Repeat the records below exactly from the line containing "Accueil / Classification" to the line containing "Gold-plated brass peacock", taking in both of those lines. Drop the pictures.

=====

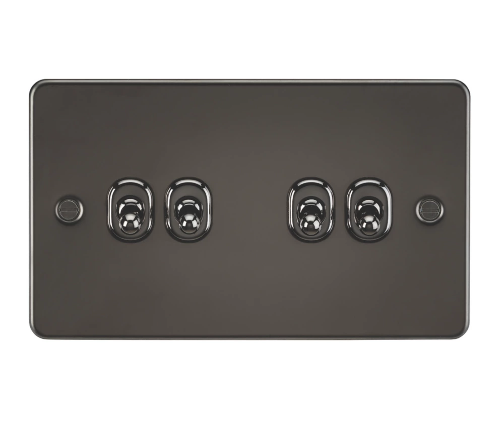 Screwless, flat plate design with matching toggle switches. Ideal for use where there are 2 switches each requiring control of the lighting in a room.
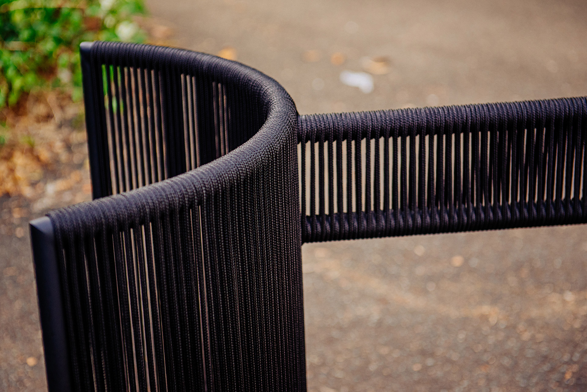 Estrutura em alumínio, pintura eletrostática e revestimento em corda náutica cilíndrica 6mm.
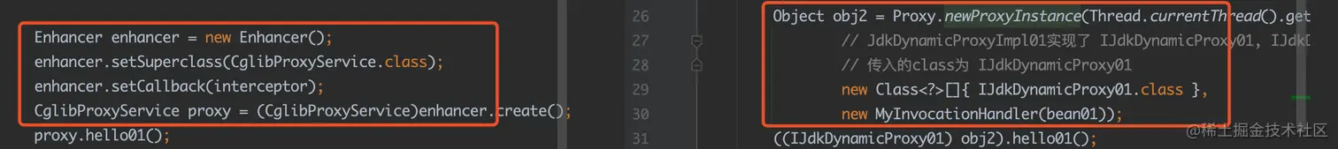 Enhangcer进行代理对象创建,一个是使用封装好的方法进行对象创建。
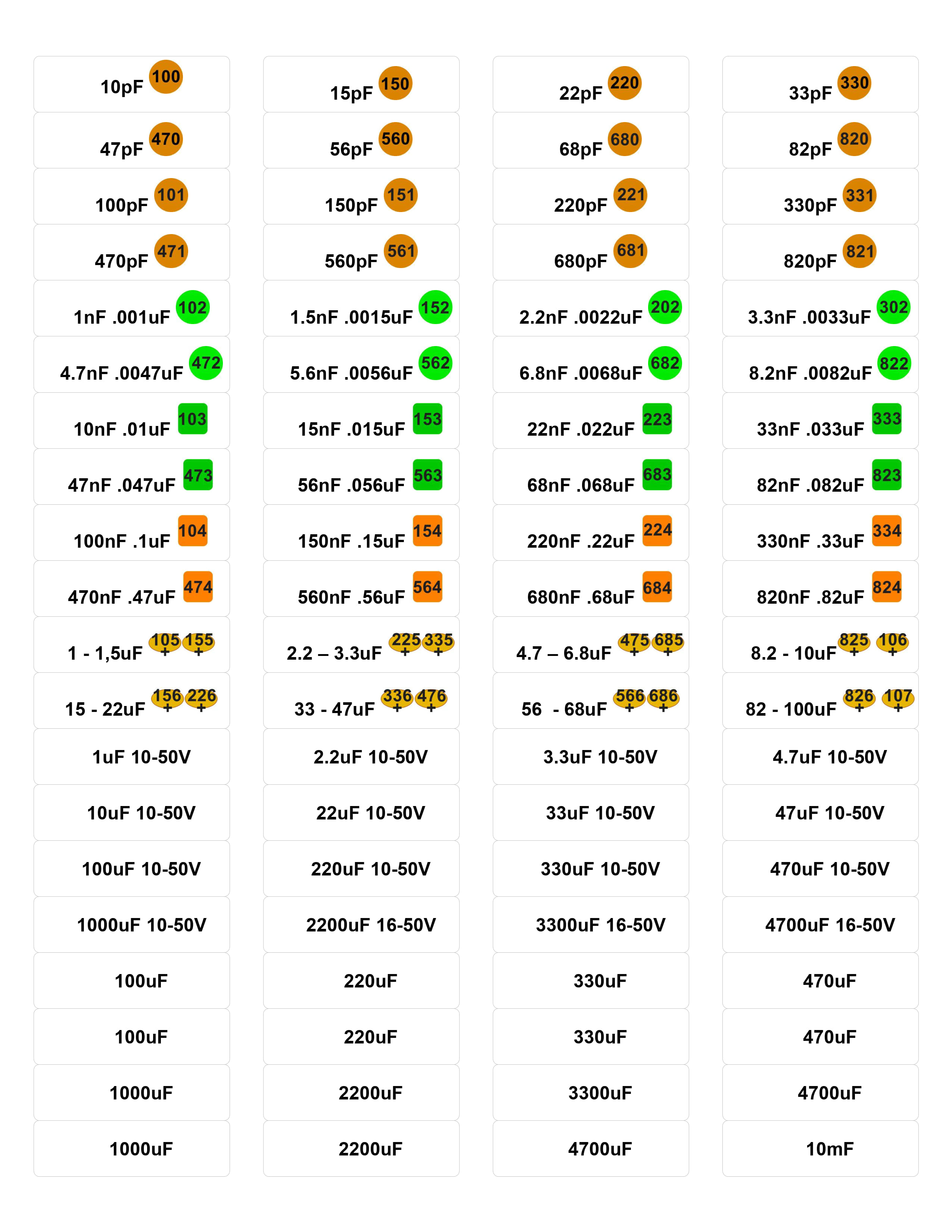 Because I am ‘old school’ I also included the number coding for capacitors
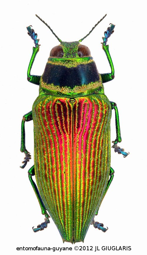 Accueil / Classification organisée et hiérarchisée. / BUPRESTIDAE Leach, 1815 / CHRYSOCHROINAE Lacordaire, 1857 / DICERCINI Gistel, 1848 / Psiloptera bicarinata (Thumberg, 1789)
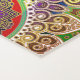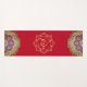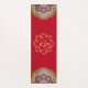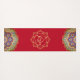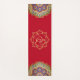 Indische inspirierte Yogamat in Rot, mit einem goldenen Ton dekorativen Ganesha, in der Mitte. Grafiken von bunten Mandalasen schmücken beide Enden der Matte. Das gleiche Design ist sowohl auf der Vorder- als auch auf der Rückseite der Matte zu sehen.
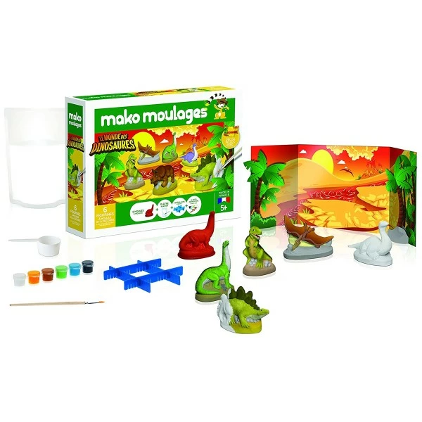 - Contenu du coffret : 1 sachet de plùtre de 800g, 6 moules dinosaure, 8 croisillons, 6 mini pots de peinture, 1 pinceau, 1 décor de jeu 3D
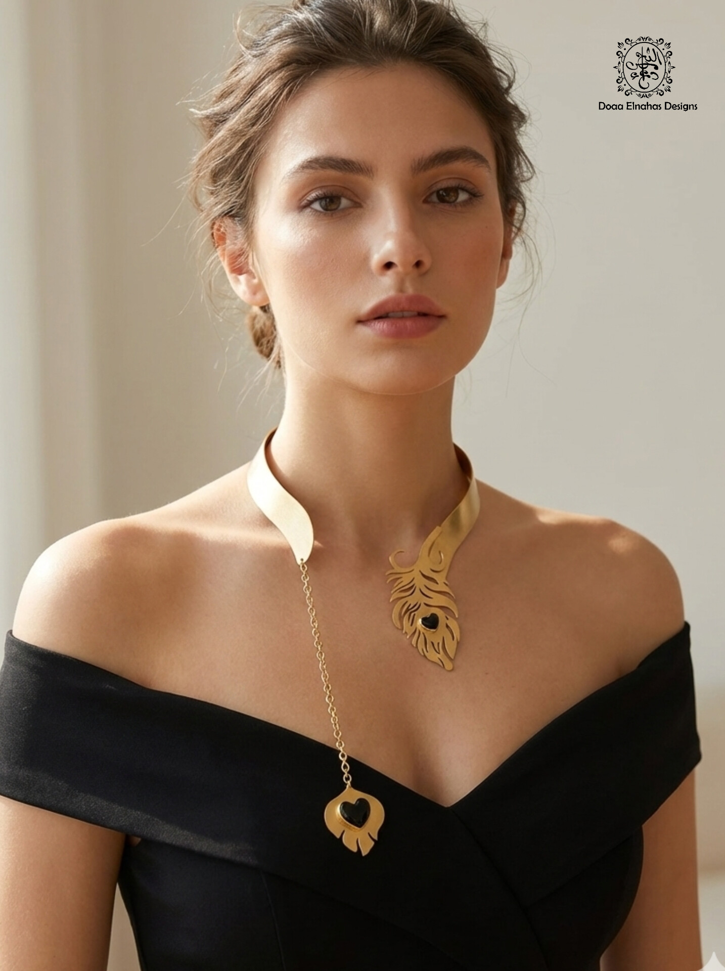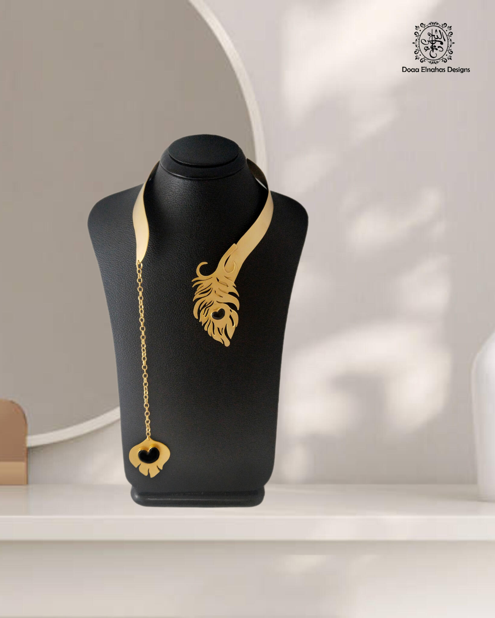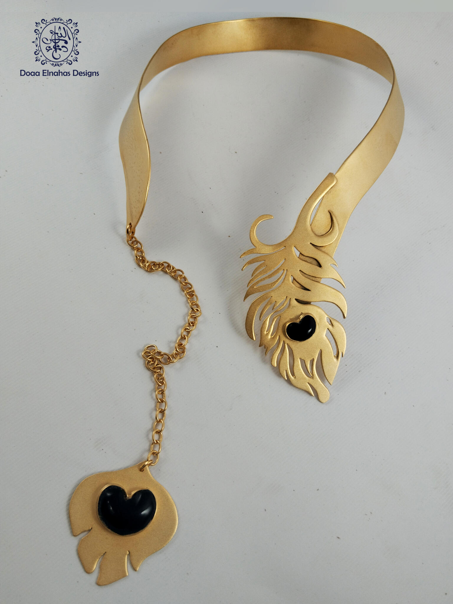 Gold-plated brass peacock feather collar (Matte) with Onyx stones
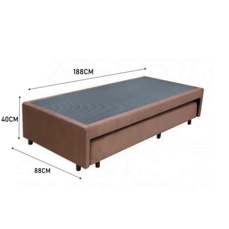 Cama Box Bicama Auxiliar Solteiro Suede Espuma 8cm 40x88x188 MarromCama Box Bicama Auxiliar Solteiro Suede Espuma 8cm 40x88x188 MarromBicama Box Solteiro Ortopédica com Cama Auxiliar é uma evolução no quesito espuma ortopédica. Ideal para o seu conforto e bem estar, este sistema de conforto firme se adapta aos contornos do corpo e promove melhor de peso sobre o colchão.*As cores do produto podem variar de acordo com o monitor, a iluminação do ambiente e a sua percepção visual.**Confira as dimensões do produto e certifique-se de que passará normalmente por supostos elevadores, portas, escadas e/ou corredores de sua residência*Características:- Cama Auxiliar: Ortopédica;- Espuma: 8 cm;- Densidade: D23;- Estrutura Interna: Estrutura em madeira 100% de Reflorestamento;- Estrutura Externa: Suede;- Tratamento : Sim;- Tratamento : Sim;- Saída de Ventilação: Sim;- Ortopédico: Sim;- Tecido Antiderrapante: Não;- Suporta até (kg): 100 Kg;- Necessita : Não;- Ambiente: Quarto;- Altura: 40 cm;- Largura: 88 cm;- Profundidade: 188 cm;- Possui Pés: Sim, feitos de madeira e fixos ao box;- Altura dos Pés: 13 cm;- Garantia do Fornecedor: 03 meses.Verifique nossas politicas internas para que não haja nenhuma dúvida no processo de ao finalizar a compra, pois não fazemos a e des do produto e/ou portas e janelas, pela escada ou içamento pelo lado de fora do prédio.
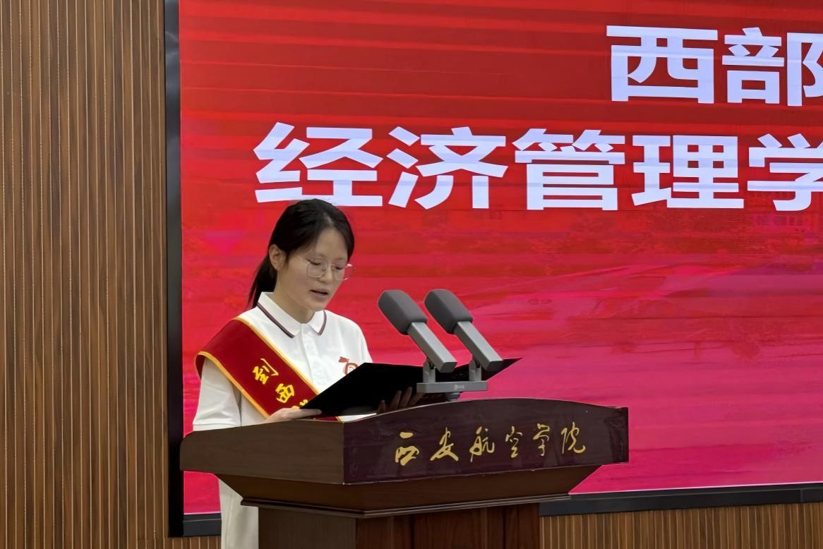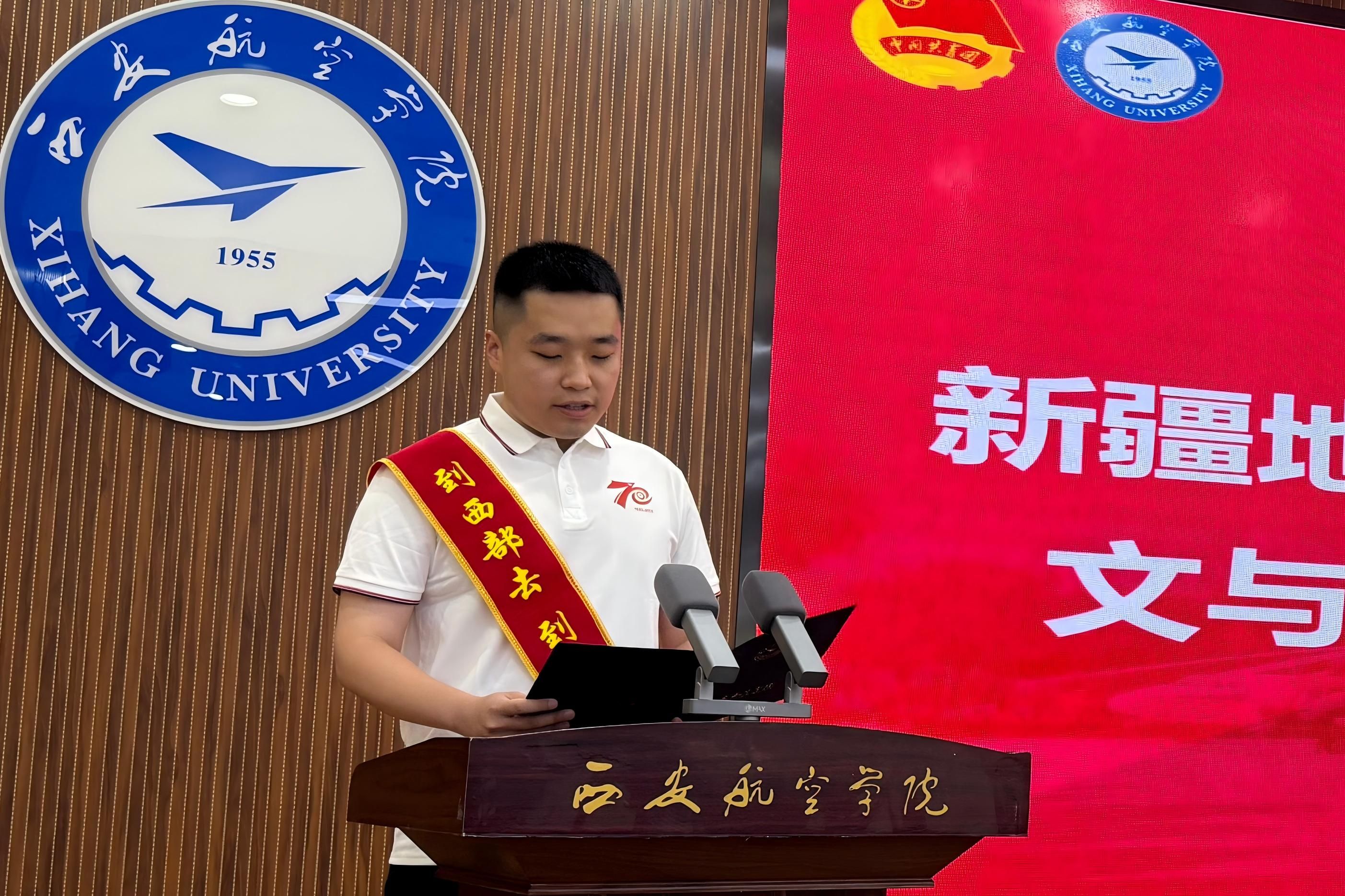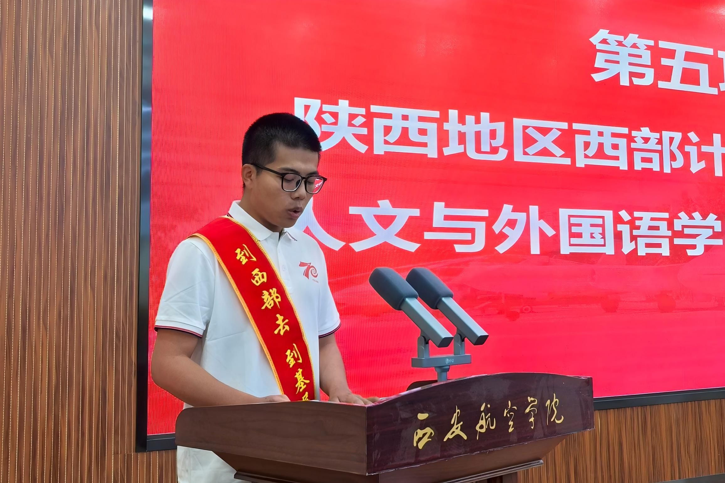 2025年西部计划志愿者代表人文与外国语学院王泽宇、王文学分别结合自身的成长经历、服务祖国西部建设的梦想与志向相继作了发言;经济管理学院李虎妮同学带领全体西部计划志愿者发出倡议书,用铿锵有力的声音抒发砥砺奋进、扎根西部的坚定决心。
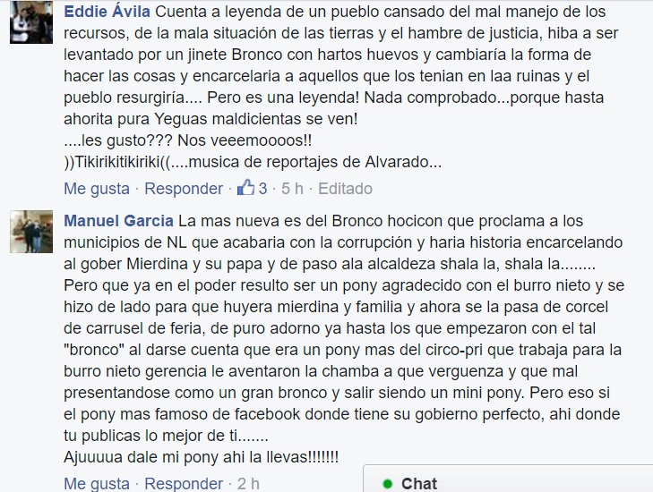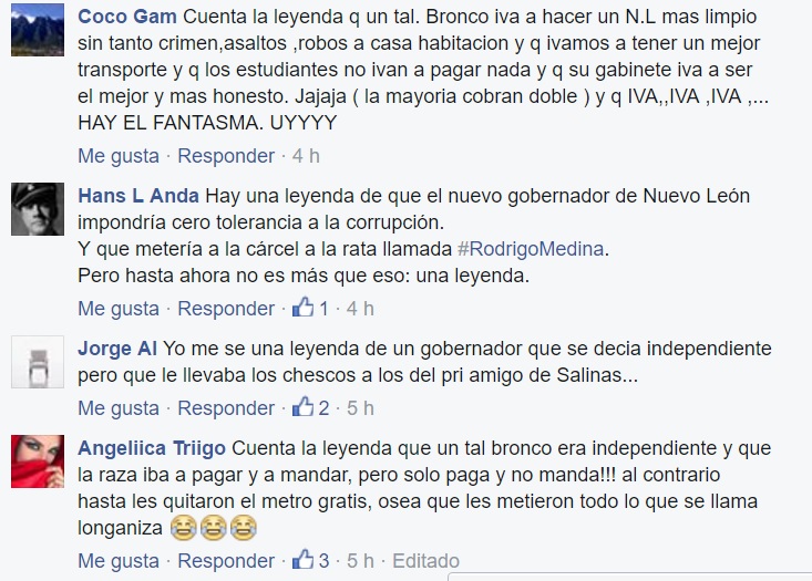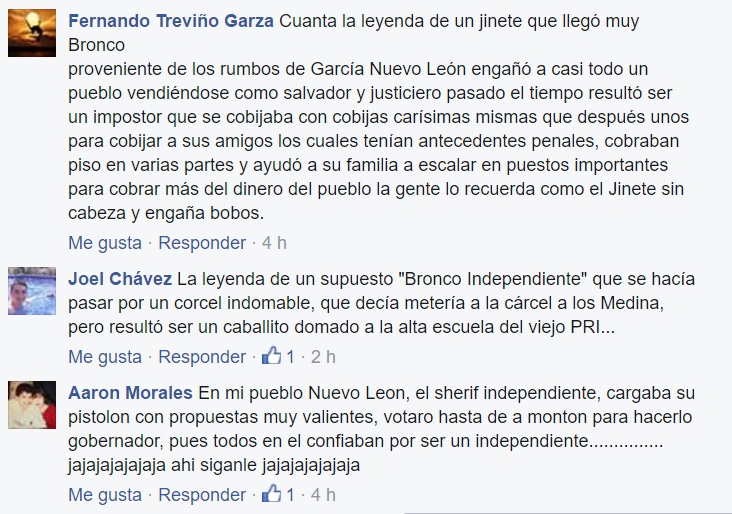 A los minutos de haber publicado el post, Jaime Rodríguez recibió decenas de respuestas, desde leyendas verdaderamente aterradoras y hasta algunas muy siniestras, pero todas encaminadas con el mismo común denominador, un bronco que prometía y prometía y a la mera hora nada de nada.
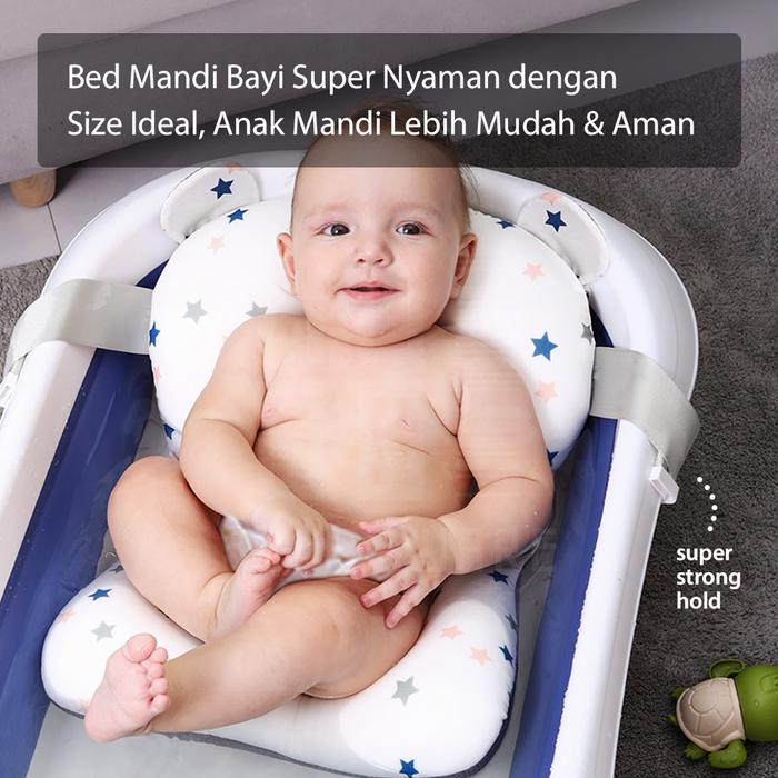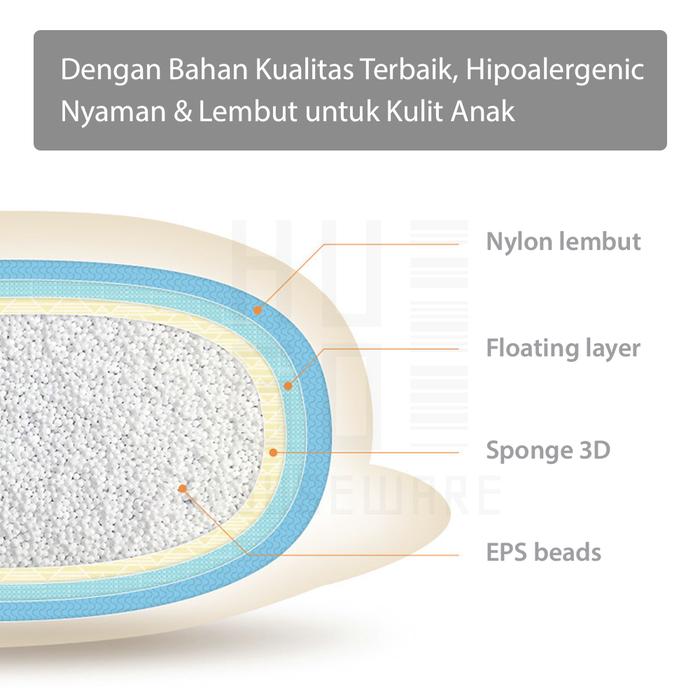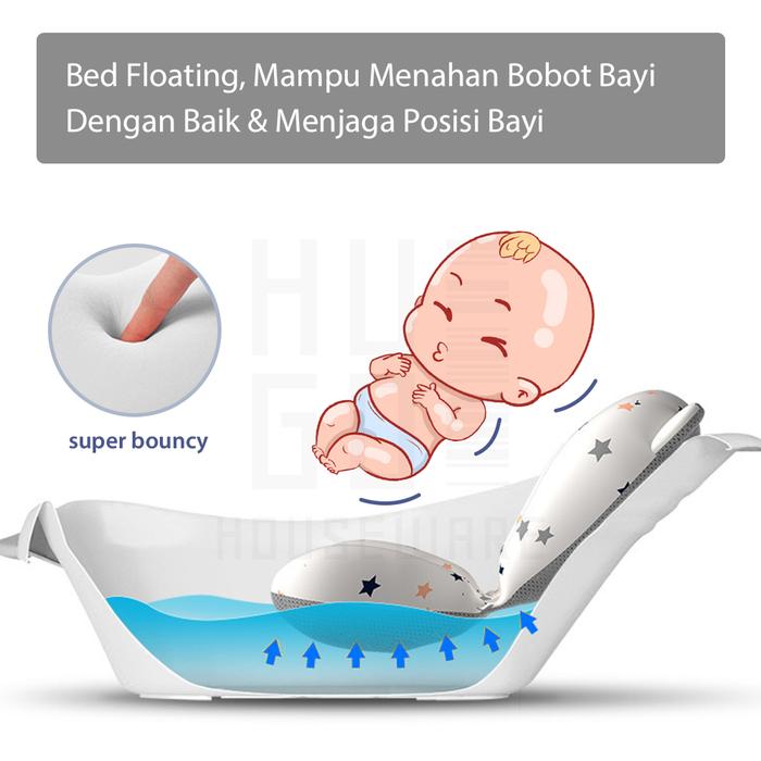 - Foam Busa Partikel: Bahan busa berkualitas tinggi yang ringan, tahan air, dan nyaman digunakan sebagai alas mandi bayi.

=====

** Written solution **
 Accueil / Classification organisée et hiérarchisée. / BUPRESTIDAE Leach, 1815 / CHRYSOCHROINAE Lacordaire, 1857 / DICERCINI Gistel, 1848 / Psiloptera bicarinata (Thumberg, 1789)
 Indische inspirierte Yogamat in Rot, mit einem goldenen Ton dekorativen Ganesha, in der Mitte. Grafiken von bunten Mandalasen schmücken beide Enden der Matte. Das gleiche Design ist sowohl auf der Vorder- als auch auf der Rückseite der Matte zu sehen.
 - Contenu du coffret : 1 sachet de plùtre de 800g, 6 moules dinosaure, 8 croisillons, 6 mini pots de peinture, 1 pinceau, 1 décor de jeu 3D
 Gold-plated brass peacock feather collar (Matte) with Onyx stones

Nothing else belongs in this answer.